BEGIN

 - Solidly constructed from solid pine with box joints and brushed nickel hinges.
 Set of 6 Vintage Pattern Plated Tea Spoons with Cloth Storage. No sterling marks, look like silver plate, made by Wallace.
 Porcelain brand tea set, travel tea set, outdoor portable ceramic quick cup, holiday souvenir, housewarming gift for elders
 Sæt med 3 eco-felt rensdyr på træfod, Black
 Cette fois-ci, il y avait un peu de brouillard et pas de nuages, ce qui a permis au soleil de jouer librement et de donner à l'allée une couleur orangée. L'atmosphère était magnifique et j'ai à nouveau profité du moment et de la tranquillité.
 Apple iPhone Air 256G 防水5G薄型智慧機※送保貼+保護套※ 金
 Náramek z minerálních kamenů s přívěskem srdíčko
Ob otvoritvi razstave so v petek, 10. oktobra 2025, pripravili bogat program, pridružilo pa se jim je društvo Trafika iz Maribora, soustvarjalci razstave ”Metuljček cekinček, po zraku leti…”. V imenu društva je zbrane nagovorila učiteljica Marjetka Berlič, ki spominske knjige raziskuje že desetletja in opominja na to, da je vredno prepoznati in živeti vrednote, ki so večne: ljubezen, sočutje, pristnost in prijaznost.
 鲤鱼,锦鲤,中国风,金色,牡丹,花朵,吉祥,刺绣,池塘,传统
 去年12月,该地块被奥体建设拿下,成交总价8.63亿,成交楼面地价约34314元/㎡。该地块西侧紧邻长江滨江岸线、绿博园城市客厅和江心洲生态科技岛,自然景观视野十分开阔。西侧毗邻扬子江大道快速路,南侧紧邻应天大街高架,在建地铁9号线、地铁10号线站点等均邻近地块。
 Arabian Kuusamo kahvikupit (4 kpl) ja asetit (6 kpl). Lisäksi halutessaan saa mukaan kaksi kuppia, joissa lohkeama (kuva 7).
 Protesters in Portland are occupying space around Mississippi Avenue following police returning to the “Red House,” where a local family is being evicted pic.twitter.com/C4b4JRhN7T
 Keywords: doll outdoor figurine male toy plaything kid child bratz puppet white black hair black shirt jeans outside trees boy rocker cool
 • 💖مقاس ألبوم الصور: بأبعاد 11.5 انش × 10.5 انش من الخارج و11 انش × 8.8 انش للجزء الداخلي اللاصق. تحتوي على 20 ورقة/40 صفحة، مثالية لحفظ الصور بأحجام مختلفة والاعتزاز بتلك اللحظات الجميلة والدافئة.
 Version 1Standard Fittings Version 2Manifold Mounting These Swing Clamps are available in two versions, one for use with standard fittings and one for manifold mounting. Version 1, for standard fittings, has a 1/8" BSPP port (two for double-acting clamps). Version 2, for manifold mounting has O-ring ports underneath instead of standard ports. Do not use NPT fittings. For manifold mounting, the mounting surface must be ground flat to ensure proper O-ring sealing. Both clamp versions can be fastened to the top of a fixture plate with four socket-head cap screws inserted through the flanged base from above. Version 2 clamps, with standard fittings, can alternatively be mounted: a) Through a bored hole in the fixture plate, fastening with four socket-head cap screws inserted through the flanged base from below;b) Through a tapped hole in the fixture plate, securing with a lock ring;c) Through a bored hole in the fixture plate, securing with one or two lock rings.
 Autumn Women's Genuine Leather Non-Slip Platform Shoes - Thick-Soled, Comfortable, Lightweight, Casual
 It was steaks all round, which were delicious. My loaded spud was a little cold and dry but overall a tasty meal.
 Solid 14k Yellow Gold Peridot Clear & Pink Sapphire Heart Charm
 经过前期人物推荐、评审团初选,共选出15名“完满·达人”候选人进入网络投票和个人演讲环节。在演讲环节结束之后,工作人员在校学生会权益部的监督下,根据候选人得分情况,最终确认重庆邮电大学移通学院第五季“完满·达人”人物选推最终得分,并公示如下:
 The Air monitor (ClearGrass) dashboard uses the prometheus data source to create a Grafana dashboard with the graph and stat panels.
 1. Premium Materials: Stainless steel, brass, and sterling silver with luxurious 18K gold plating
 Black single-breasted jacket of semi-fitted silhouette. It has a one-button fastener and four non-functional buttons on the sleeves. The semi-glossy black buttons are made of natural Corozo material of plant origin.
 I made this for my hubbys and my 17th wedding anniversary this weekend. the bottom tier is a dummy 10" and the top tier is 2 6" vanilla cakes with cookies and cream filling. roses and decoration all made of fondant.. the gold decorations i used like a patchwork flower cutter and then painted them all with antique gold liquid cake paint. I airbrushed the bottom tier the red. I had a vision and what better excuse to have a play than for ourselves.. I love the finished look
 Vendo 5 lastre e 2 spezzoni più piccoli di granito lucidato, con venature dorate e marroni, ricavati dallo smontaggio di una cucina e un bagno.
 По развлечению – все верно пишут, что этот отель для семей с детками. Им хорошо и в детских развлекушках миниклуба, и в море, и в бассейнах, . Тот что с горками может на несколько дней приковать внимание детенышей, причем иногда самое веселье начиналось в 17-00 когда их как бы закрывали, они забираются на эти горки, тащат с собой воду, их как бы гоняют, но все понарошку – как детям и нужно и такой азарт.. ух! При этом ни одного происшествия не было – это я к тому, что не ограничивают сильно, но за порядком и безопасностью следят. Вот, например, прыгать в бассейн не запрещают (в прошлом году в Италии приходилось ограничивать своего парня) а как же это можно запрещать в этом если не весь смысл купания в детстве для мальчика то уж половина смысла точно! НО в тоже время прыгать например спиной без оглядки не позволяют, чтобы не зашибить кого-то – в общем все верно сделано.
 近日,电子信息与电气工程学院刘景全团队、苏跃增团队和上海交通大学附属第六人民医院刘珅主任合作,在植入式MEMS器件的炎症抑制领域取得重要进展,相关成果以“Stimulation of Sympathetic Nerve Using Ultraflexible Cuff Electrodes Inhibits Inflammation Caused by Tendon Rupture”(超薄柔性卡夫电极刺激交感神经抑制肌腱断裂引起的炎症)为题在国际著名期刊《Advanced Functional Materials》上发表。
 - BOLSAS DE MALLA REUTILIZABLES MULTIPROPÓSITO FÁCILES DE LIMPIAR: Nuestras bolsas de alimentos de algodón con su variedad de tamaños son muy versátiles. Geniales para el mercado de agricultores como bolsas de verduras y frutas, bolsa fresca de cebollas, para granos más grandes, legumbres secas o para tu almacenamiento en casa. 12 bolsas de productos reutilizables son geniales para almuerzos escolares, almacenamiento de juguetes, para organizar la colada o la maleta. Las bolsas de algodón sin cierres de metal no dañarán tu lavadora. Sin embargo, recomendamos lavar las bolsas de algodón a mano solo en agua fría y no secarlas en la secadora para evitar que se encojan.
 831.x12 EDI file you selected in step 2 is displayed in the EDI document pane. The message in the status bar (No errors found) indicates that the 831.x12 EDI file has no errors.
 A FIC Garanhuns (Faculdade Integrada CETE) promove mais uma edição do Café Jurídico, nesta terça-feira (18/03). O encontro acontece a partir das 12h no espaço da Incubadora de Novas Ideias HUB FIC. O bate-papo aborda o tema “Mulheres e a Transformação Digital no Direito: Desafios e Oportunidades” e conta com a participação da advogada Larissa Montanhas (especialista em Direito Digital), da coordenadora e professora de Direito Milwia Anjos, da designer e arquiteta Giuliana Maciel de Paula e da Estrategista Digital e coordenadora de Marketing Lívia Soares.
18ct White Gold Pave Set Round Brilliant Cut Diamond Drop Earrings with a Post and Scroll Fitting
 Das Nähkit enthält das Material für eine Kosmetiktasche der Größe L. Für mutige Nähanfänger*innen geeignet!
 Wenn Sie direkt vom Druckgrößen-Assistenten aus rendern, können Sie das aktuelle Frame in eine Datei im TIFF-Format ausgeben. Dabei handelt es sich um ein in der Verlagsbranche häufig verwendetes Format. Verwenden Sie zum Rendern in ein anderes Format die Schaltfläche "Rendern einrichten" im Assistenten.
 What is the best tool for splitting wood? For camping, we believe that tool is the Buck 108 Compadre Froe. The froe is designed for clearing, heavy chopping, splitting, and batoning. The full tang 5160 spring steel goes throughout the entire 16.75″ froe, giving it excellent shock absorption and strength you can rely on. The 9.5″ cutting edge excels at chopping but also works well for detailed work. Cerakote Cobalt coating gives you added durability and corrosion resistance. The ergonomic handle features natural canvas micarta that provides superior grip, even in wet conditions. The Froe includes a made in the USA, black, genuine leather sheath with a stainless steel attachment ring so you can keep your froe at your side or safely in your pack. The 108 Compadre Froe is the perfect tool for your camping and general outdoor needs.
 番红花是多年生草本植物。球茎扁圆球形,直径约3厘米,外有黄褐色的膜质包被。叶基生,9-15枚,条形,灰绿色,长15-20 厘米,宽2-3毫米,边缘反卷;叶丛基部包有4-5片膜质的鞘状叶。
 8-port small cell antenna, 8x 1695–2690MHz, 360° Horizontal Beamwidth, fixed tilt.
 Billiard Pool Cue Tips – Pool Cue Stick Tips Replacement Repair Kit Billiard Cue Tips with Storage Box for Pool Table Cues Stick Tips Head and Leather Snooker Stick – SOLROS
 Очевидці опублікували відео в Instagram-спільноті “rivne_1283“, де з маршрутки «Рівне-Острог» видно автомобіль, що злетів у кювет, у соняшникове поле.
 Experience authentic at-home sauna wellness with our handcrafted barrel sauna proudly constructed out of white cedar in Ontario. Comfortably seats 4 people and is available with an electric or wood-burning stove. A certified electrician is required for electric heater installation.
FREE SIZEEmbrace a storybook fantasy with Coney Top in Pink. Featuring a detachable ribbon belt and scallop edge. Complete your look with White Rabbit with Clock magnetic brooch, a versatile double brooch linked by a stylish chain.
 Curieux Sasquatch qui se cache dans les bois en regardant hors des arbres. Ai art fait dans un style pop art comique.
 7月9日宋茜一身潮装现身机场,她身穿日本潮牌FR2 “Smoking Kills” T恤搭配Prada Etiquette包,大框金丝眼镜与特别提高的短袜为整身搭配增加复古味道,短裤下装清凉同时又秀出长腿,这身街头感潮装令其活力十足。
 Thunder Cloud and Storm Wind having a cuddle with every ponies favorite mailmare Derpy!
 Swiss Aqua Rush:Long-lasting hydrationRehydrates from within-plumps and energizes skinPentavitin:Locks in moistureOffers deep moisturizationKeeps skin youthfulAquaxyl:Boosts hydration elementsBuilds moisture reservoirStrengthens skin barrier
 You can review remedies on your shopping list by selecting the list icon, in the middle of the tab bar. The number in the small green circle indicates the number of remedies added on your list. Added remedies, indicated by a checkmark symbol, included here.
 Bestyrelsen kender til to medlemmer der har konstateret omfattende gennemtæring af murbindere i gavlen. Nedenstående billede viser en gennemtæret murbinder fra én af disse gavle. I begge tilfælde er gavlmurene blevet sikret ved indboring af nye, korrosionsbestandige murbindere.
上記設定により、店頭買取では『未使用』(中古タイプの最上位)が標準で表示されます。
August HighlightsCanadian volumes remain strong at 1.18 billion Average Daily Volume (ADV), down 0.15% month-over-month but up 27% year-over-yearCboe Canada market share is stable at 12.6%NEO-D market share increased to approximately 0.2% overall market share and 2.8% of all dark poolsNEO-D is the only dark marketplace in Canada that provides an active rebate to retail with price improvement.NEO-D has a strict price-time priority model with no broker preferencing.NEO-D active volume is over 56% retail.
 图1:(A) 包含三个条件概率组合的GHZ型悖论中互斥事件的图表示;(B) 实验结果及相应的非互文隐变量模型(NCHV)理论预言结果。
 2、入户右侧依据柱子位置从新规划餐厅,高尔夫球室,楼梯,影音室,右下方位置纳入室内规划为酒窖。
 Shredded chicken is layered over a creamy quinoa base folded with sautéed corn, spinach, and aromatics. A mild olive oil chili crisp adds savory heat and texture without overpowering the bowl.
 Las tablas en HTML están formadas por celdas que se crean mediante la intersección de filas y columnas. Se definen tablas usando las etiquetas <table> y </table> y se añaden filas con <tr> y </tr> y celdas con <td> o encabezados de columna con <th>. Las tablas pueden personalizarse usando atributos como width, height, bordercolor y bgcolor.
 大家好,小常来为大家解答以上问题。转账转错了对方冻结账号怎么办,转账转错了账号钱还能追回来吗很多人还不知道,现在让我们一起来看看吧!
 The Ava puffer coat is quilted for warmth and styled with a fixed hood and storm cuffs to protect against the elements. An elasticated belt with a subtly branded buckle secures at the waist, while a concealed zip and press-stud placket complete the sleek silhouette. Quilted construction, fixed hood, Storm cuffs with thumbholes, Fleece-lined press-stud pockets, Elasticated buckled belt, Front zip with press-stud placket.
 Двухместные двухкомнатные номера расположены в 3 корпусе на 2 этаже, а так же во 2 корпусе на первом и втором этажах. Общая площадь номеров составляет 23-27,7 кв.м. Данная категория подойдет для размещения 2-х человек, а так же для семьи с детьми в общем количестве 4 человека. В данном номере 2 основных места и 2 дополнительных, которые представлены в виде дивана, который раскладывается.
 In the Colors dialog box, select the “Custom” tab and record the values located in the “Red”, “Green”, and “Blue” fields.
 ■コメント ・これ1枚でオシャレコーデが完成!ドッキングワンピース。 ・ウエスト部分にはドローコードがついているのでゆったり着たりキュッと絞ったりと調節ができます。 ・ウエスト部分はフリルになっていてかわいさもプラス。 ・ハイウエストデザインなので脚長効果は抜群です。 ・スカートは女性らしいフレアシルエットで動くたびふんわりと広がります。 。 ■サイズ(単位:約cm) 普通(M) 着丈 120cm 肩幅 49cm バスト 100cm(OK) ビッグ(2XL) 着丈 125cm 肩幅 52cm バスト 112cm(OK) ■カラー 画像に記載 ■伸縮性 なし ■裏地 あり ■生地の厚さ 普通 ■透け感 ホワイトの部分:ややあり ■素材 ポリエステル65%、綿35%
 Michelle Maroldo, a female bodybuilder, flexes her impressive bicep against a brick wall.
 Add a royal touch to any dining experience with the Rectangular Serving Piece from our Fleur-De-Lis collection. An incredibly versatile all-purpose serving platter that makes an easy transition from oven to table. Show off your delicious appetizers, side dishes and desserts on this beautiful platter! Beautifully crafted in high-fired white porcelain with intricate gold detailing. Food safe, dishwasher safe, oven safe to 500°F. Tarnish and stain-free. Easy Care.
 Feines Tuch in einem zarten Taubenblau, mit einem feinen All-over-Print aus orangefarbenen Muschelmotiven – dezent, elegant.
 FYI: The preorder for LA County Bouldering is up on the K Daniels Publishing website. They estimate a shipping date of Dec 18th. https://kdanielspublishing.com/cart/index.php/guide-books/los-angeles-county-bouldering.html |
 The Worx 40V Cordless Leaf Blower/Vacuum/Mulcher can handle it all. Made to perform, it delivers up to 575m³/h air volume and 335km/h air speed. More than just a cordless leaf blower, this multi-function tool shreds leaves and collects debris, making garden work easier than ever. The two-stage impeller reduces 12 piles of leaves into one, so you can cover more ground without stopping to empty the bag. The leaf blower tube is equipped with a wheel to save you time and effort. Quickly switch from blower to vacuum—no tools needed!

END

### PROBLEM DETAILS
Reproduce the records above exactly, from the first line through the line containing "Náramek z minerálních", and output nothing else.

### ANSWER BELOW
 - Solidly constructed from solid pine with box joints and brushed nickel hinges.
 Set of 6 Vintage Pattern Plated Tea Spoons with Cloth Storage. No sterling marks, look like silver plate, made by Wallace.
 Porcelain brand tea set, travel tea set, outdoor portable ceramic quick cup, holiday souvenir, housewarming gift for elders
 Sæt med 3 eco-felt rensdyr på træfod, Black
 Cette fois-ci, il y avait un peu de brouillard et pas de nuages, ce qui a permis au soleil de jouer librement et de donner à l'allée une couleur orangée. L'atmosphère était magnifique et j'ai à nouveau profité du moment et de la tranquillité.
 Apple iPhone Air 256G 防水5G薄型智慧機※送保貼+保護套※ 金
 Náramek z minerálních kamenů s přívěskem srdíčko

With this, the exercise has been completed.